I gained access to the summit via the southern side.  There is a track that will take you al the way to the summit, but this is for 4wd only, so I drove as far as I could and then walked the rest of the way.  It is quite a few kms to the actual summit.


Fortunately the weather held off for me and I ended up with 22 QSO’s.  The majority of these were on 40m SSB, but I did work some stations on 20m SSB, including some DX: England, New Zealand, French Polynesia, Hawaii.  They were a bit of a struggle, but nether the less, they are in the log.

Stations worked were:- Peter VK3PF; Rod VK5FTTC; Ernie VK3DET; Peter VK3FPSR; Bill VK5MBD; John VK2YW; Nev VK5WG; Grant VK5VGC; Roger VK5NWE; Ian VK1DI/3; John VK5FTCT; Dale VK5DC; Andrew VK5ARP; Keith VK5FEKH; Paul VK2HMV; Don G0RQL; Rob ZL1RD; William FO5JV; Owen ZL2GLG; Ray VK4NH; Clem VK4XCS; and Jamie KH6KW.

More information on PeakClimbs…..


Below is a video I put together of the activation, which I have placed on You Tube.

Caralue Bluff, VK5/ SW-002

Caralue Bluff, VK5/ SW-002, was my first proposed SOTA activation for Tuesday, 11th June, 2013.


Caralue Bluff is 486 metres above sea level, and is worth 1 point.  It is situated about 27kms west of the town of Kimba.

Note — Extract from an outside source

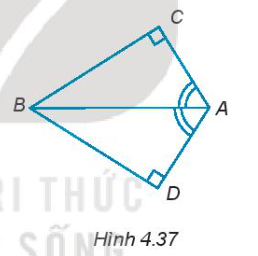4.35. Cho bốn điểm A, B, C, D như Hình 4.37. Biết rằng $\widehat{DAB}=\widehat{CAB}$, hãy chứng minh CB = DB.

This was a real hit and run activation for me, as the weather during the morning was atrocious.  I almost didn’t make it out of ‘Cooyerdoo’ at Iron Knob because of the weather.  The upper Eyre Peninsula had torrential rain overnight and it continued until mid morning.  And when it did stop raining, the sunny breaks only lasted a short period of time.

Fortunately there is a track which takes you up to the summit.  So for the first time it was get 4 contacts and get out quick.

There is a communications tower and also a trig point at the top.

The following stations were worked:- David VK5KC; Peter VK3FPSR; John VK2YW; Peter VK3PF; Roger VK5NWE; Ernie VK3DET; and John VK5MG.